**PROMPT:** Print every line of the material below exactly as it stands, but omit the pictures.

**DATASET EXTRACT:**
:::
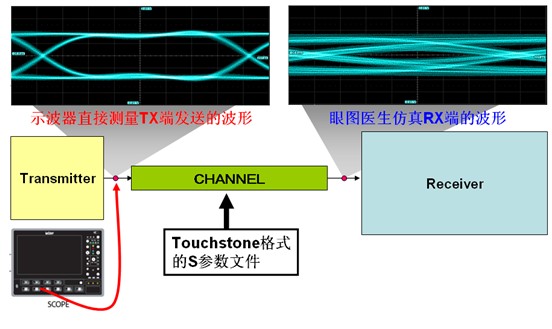 眼图医生(Eye Doctor)是力科于2006年推出的用于高速串行数字电路设计的强大工具,集成在高带宽示波器中,包括了虚拟探测(virtual probing)与接收端均衡(receiver equalization)两部分,主要用于通讯背板设计、高速串行信号一致性测试、高速SERDES芯片均衡器的优化与设计等等。在2009年2月,力科发布了新一代的眼图医生II,提供了更强大的分析能力与良好人机界面。如下图1所示,利用Eye Doctor的信道仿真功能,可以用示波器测量到的TX端发送的波形,在Eye Doctor II中导入信道的S参数模型文件,计算出通过信道后RX端的信号波形、眼图与抖动,其功能类似于EDA的SI仿真工具。
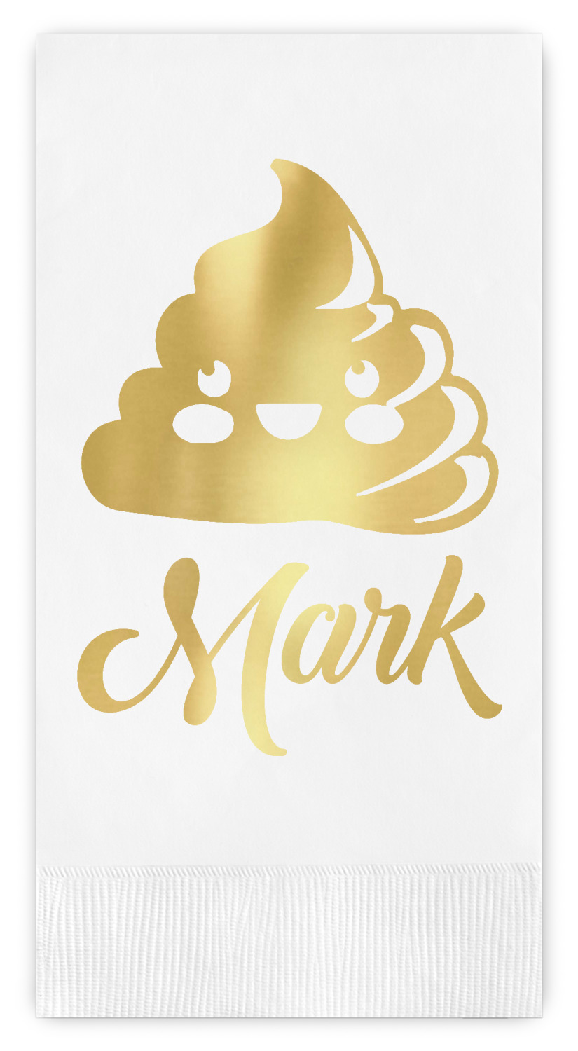 The design is a fun bright yellow with brown poop emojis all over. Each emoji is making a different face! Two light teal / turquoise ribbons are use to frame your personalization in the middle of the design. The coordinating design has a fun speckled yellow background with a large poop emoji right in the middle, saying "Oh, Poo!" underneath.
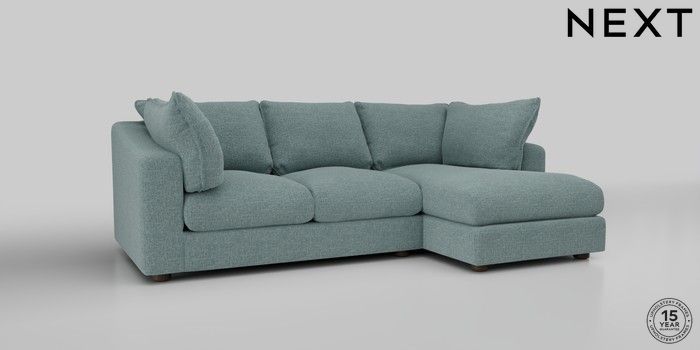7.2.10 The Sumptuous Deep Relaxed Sit Medium Sofa Chaise - Right Hand Chunky Chenille Light Teal Green Low Tube - Mid | Made Click here to use our website with more accessibility support, for example screen readers
:::
**RESPONSE AREA:**
 眼图医生(Eye Doctor)是力科于2006年推出的用于高速串行数字电路设计的强大工具,集成在高带宽示波器中,包括了虚拟探测(virtual probing)与接收端均衡(receiver equalization)两部分,主要用于通讯背板设计、高速串行信号一致性测试、高速SERDES芯片均衡器的优化与设计等等。在2009年2月,力科发布了新一代的眼图医生II,提供了更强大的分析能力与良好人机界面。如下图1所示,利用Eye Doctor的信道仿真功能,可以用示波器测量到的TX端发送的波形,在Eye Doctor II中导入信道的S参数模型文件,计算出通过信道后RX端的信号波形、眼图与抖动,其功能类似于EDA的SI仿真工具。
 The design is a fun bright yellow with brown poop emojis all over. Each emoji is making a different face! Two light teal / turquoise ribbons are use to frame your personalization in the middle of the design. The coordinating design has a fun speckled yellow background with a large poop emoji right in the middle, saying "Oh, Poo!" underneath.
7.2.10 The Sumptuous Deep Relaxed Sit Medium Sofa Chaise - Right Hand Chunky Chenille Light Teal Green Low Tube - Mid | Made Click here to use our website with more accessibility support, for example screen readers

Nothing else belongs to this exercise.